Adopting dissection as a method
of work, Ibn al-Nafis culminated in his major original discovery:
1. Discovery of the blood
circulation in the coronary arteries;
2. The blood flow to the lungs to
supply them with air and not with food;
3. Lack of air or sediment in the
pulmonary arteries (as Galenius claimed), and presence of blood only.

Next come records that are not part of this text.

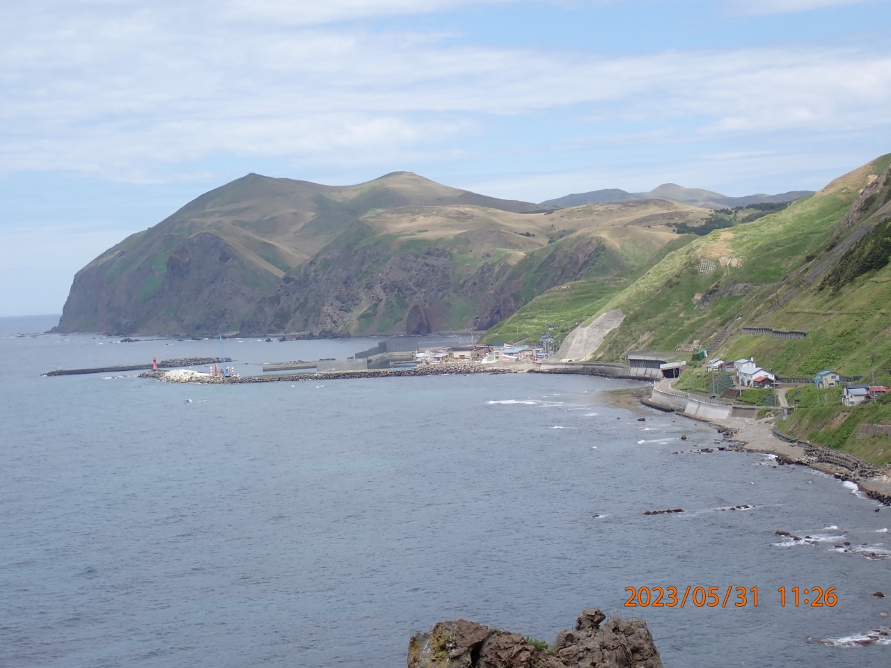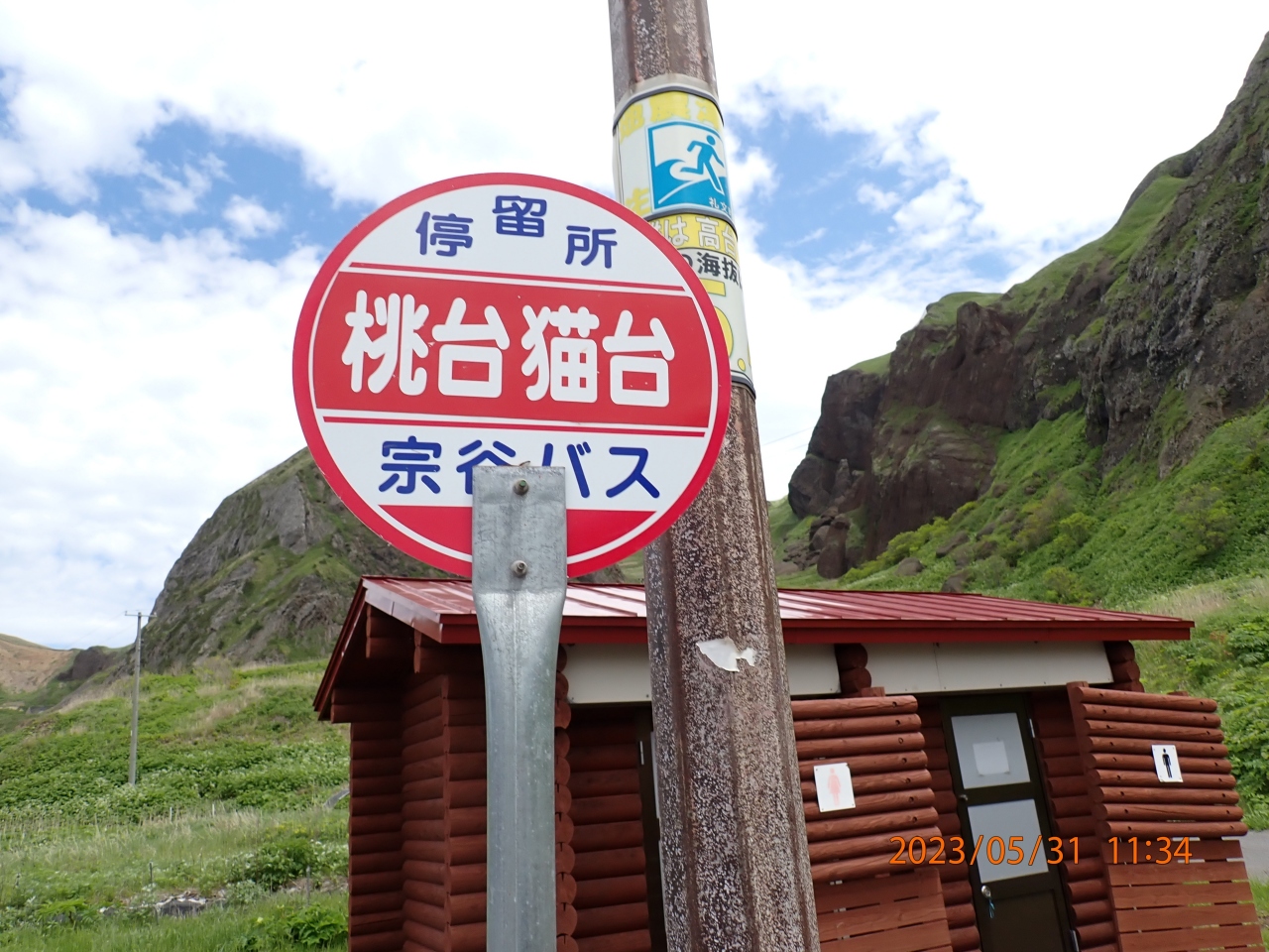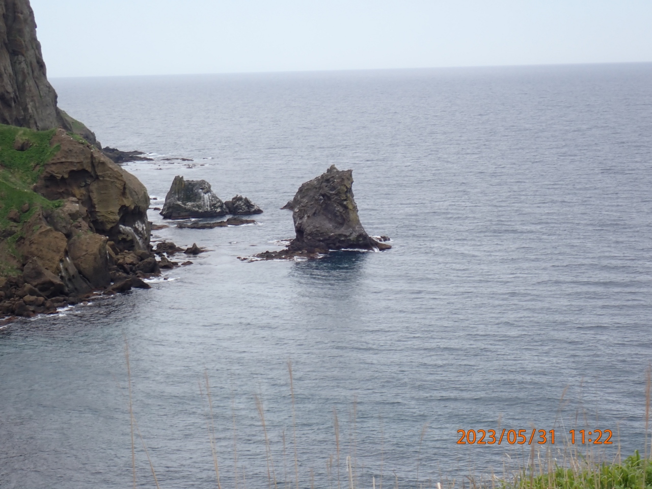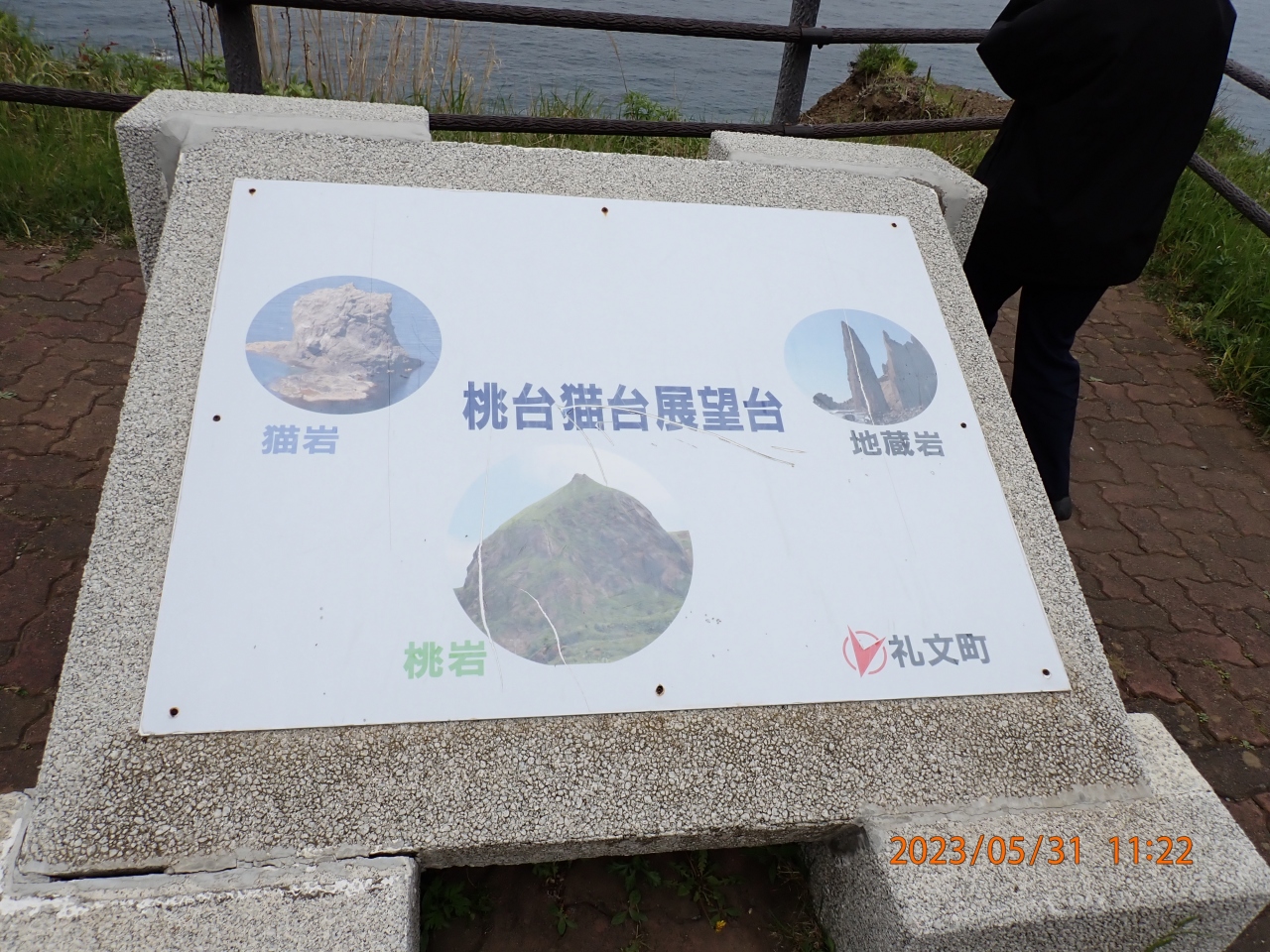 礼文島観光で立ち寄りました。桃台猫台は、礼文島の西側で、桃岩と猫岩を一度に見ることが出来ました。礼文島の島の周囲の道路は繋がっていないので、新桃岩トンネルを通って、島の西側に移動したところにあります。遠景になりますが、地蔵岩や元地海岸も眺められます。
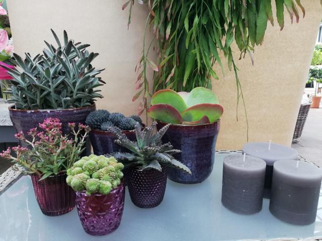 Eine riesen Auswahl an Sukkulenten gibt es bei uns in der Gärtnerei. Sie sind sehr genügsame Zeitgenossen und brauchen nur wenig Pflege! Hin und wieder etwas Wasser auf keinen Fall zu viel - dann hat man mit den Sukkulenten lange Freude. Am besten wirken sie wenn man sie in Gruppen von verschiedenen Arten zusammenstellt.
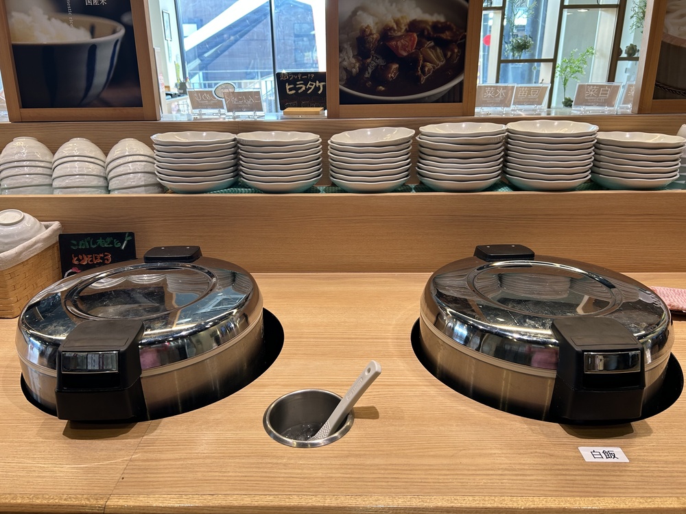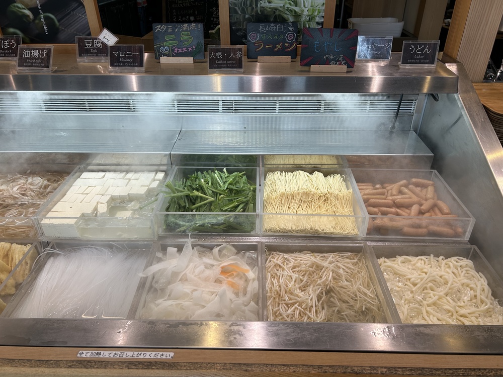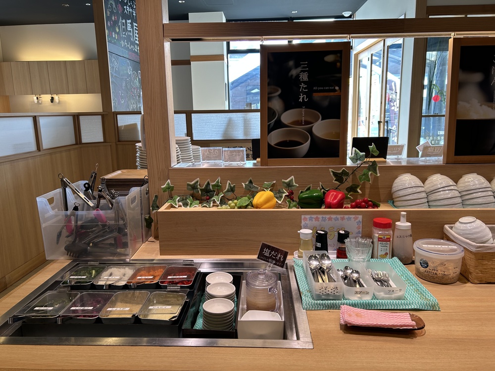 その隣には、たくさんのトッピングや漬物がキレイに並んでいます。
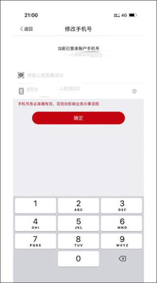 五、修改手机号码进入账号管理 点击“手机号”进入修改手机号页面,扫脸后输入新手机号码,确认后完成手机号码修改操作。
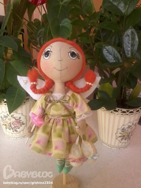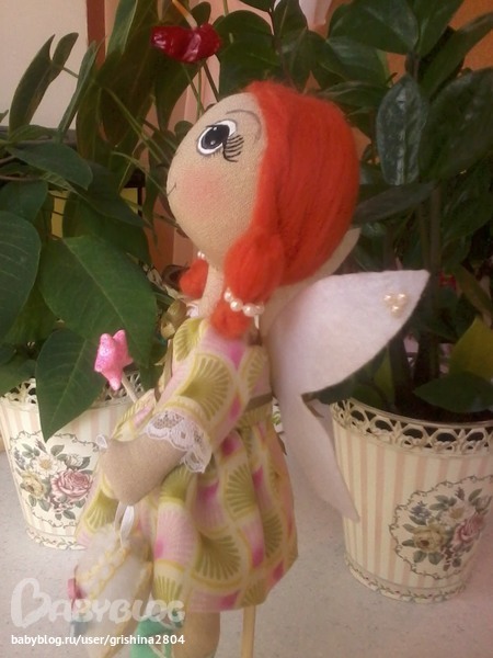 Фея сшита для одной ббешечки (не получается вставить ссылку) Оля, это твоя) Давно я хотела сшить такую фею, да все руки не доходили, и тут мне Оля (заказчица) подкинула интересную идею. Фея должна нести в себе смысл, что с нее появлением в доме появятся дети. Очень надеюсь. что смысл донесла. Вот, что вышло)
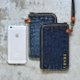 外层蓝色丹宁布水洗后手工刷白加上复古套色、咖啡色内衬、金黄色车缝线
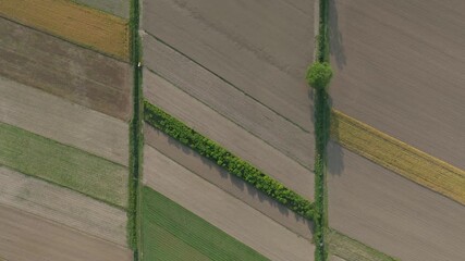 Aerial view of geometric farmland plots in rural Germany, showcasing contrasting colors and textures in precise grid-like arrangements during harvest season
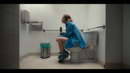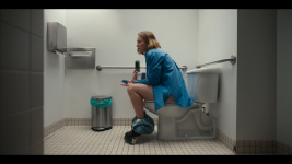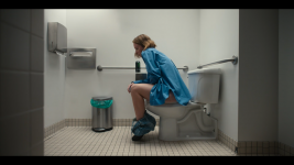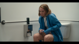 Deborah needs to use the bathroom while at an outdoor party where there are porta-potties for guests to use. The host whom she previously slept with offers her to use the bathroom in doors but after he threatens her into not revealing their affair Deborah decides to use the porta-potties outside. She is then shown exiting the porta-potty in disgust as she kicks some toilet paper off of her shoe that's still stuck to it.
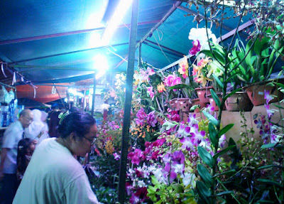 Orchids in various forms and sizes are displayed. They can either be local varieties or imported ones.
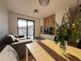 Dispozícia bytu: • priestranná obývacia izba s knižnicou • samostatná izba (pracovňa/detská izba) • spálňa prepojená s kúpeľňou • kuchyňa (americká chladnička, umývačka, práčka) s jedálenským kútom • kúpeľňa s vaňou aj sprchovým kútom • balkón Byt je zariadený kvalitným nábytkom a....
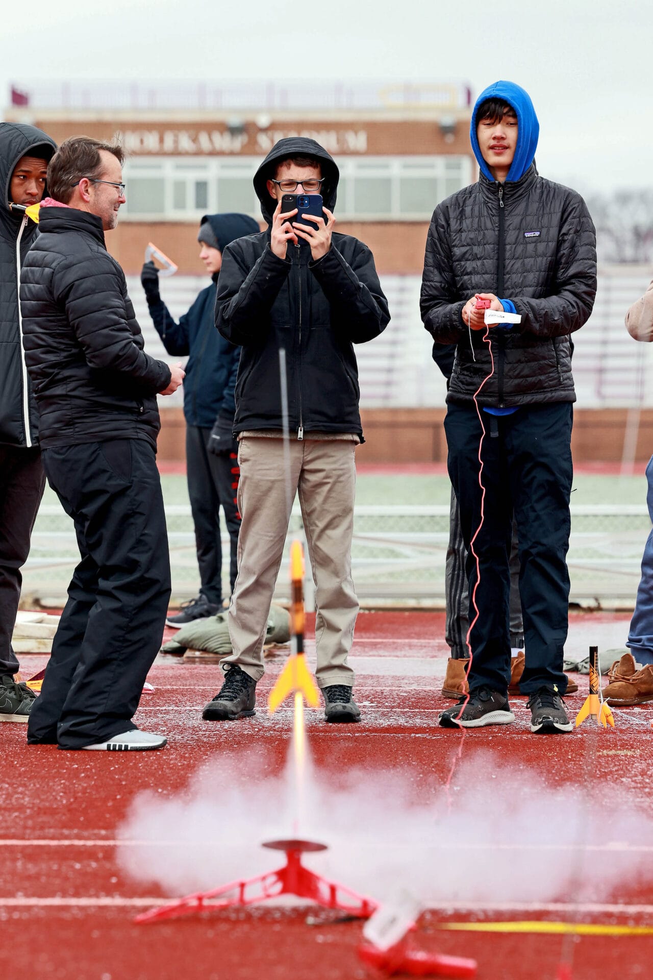 A giant leap forward (or upward!) in flight happened when the class graduated to rocketry. They conducted flight tests by building Estes rockets and powering them with both alka-seltzer and traditional store-bought engines. The students used right-angle trigonometry to calculate how high their rockets flew, incorporating math into their fun.

He was the first to correctly
describe the lungs, bronchi and the interaction between the vessels and the
blood; long before Miguel Servet, to whom this discovery is generally
attributed.
"The lungs consist of
various parts, one of which is the bronchi, the second is the branches of the
pulmonary artery, and the third is the branches of the pulmonary veins, all of
which are connected by a loose parenchyma. porous"
"The lungs require a
pulmonary artery because it brings them the blood that has been thinned and
warmed in the heart so that what seeps through the pores of this vessel's
branches to the lung alveoli can mix with the air that The substance obtained
is then able to become the spirit after this mixture has gained the left cavity
of the heart, and the mixture is carried to the left cavity by the pulmonary
veins. "
Ibn al-Nafis revealed the first
description of the pulmonary circulation, after that advanced by Galen in the
second century and tainted by gross errors (two separate networks: from the
liver and the heart, which prohibits any notion of circulation). Ibn al-Nafis
postulated that:
"When the blood has been
refined in this cavity (the right ventricle of the heart), it is indispensable
that it pass into the left cavity where the vital spirits are born, but that
there was no direct passage between them. The thick septum of the heart was in
no way perforated and did not have visible pores as some people thought, nor
pores invisible as imagined by Galen, on the contrary the pores of the heart
are closed there. The heart of the heart had to circulate in the arterial vein
(our pulmonary artery) to the lungs, then spread in the substance of this organ
where it mingled with the air so that its finest part was purified and passed
in the venous artery (our pulmonary veins) to arrive in the left cavity of the
heart and form the vital spirit. "
"The less refined residue of
this blood is used in the feeding of the lung, which is why there are
perceptible passages between these two vessels (arteries and pulmonary veins)."
Ibn al-Nafis refutes the errors
of his predecessors: the galenical dogma on the inter ventricular communication
and the description of the pulmonary circulation:
"The heart has only two
ventricles, and there is absolutely no opening between them, and the dissection
is opposed to what they pretended, since the septum between these two cavities
is much thicker than any other. The interest of this blood (which is in the
right cavity) is to reach the lungs, to mix with the air that is there, then to
walk through the pulmonary veins to reach the left cavity of the heart. "
He also understood the role of
the coronary arteries in the irrigation of the heart muscle:
"Moreover, the postulate [of
Avicenna] that the blood on the right side is used to feed the heart is
absolutely not true, indeed the nutrition of the heart comes from the blood
circulating in the vessels that penetrate the body of the heart ".